Instanciates the neurons in input Inputs are normalised and the type is set to kOff (simple forward of the formula value)
Builds the output layer Neurons are linear combinations of input, by defaul. If the structure ends with "!", neurons are set up for classification, ie. with a sigmoid (1 neuron) or softmax (more neurons) activation function.
Draws the neural net output It produces an histogram with the output for the two datasets. Index is the number of the desired output neuron. "option" can contain: - test or train to select a dataset - comp to produce a X-Y comparison plot - nocanv to not create a new TCanvas for the plot
Dumps the weights to a text file. Set filename to "-" (default) to dump to the standard output
Loads the weights from a text file conforming to the format defined by DumpWeights.
Returns the Neural Net for a given set of input parameters #parameters must equal #input neurons
Exports the NN as a function for any non-ROOT-dependant code Supported languages are: only C++ , FORTRAN and Python (yet) This feature is also usefull if you want to plot the NN as a function (TF1 or TF2).
Shuffle the Int_t index[n] in input. Input: index: the array to shuffle n: the size of the array Output: index: the shuffled indexes This method is used for stochastic training
One step for the stochastic method buffer should contain the previous dw vector and will be updated
One step for the batch (stochastic) method. DEDw should have been updated before calling this.
Sets the weights to a point along a line Weights are set to [origin + (dist * dir)].

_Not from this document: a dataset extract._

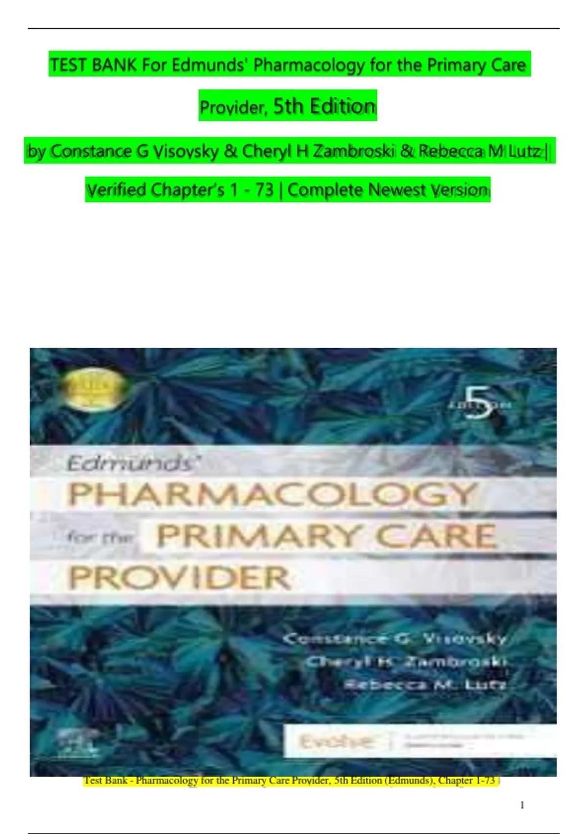 This complete TEST BANK covers Edmunds' Pharmacology for the Primary Care Provider, 5th Edition by Constance G. Visovsky (ISBN: 9780323661171) — fully updated and verified for accuracy. It includes all chapters 1–73, with detailed rationales, NCLEX-style questions, and correct answers to help you master pharmacological concepts for primary care. Ideal for nursing students, nurse practitioners, and pharmacology exam preparation. Edition: 5th Edition (Latest 2025 Verified Copy) Includes: All chapters (1–73) + Complete Answer Key Format: High-quality PDF, easy to read and searchable Perfect for: Nursing exams, pharmacology quizzes, NCLEX prep, and course reviews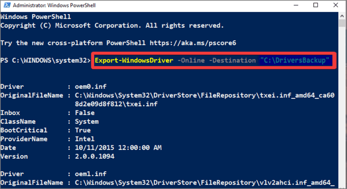 Way 2: Backup Drivers in Windows 10 via PowerShell

Search along the line defined by direction. buffer is not used but is updated with the new dw so that it can be used by a later stochastic step. It returns true if the line search fails.

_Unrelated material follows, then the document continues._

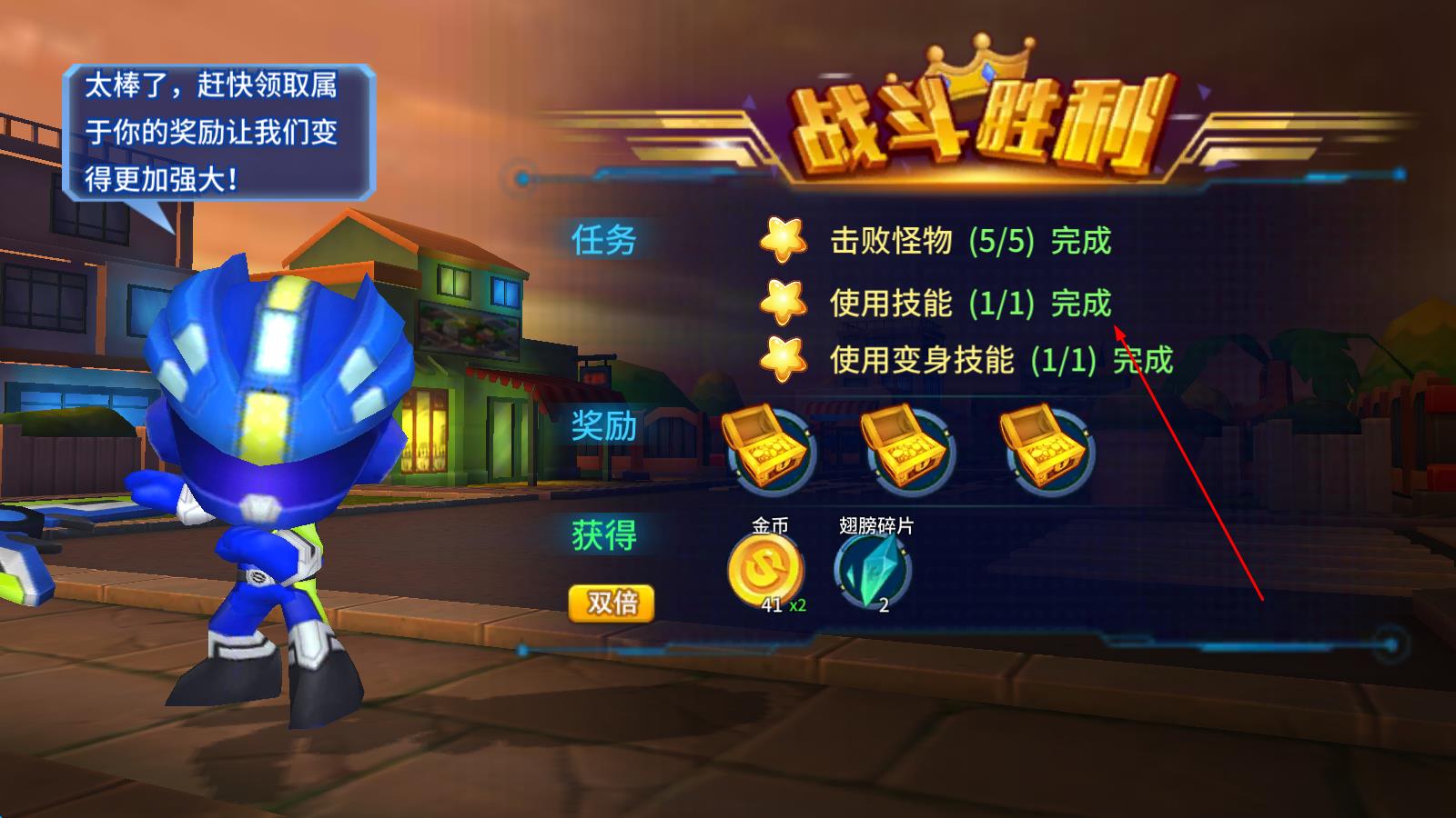 3、当成功击败关卡中的敌人,化解“鼠王爷”制造的灾难危机,即可推进剧情,解锁更多巨神战机与角色技能,继续守护人类的使命。

Sets the search direction to conjugate gradient direction beta should be: ||g_{(t+1)}||^2 / ||g_{(t)}||^2 (Fletcher-Reeves) g_{(t+1)} (g_{(t+1)}-g_{(t)}) / ||g_{(t)}||^2 (Ribiere-Polak)
Computes the hessian matrix using the BFGS update algorithm. from gamma (g_{(t+1)}-g_{(t)}) and delta (w_{(t+1)}-w_{(t)}). It returns true if such a direction could not be found (if gamma and delta are orthogonal).
Sets the gamma (g_{(t+1)}-g_{(t)}) and delta (w_{(t+1)}-w_{(t)}) vectors Gamma is computed here, so ComputeDEDw cannot have been called before, and delta is a direct translation of buffer into a TMatrixD.
scalar product between gradient and direction = derivative along direction
Computes the direction for the BFGS algorithm as the product between the Hessian estimate (bfgsh) and the dir.